*** MATERIAL FOR THIS EXERCISE ***

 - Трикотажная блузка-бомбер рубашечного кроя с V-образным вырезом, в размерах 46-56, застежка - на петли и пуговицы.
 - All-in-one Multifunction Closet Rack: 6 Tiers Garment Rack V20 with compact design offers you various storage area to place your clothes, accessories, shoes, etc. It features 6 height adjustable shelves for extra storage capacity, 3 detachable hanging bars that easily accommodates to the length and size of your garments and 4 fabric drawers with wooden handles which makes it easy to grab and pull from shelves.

***
*** MATERIAL FOR THIS EXERCISE ***

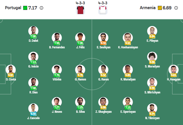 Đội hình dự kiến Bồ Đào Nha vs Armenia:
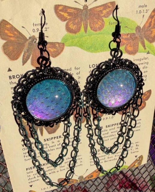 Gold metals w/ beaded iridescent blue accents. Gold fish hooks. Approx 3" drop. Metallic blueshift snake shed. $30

***

[WORK TO COMPLETE]: Write out exactly the lines above between the one with "Đội hình dự" and the one with "Gold metals w/", inclusive, with pictures left out.

[RESPONSE BELOW]:
 Đội hình dự kiến Bồ Đào Nha vs Armenia:
 Gold metals w/ beaded iridescent blue accents. Gold fish hooks. Approx 3" drop. Metallic blueshift snake shed. $30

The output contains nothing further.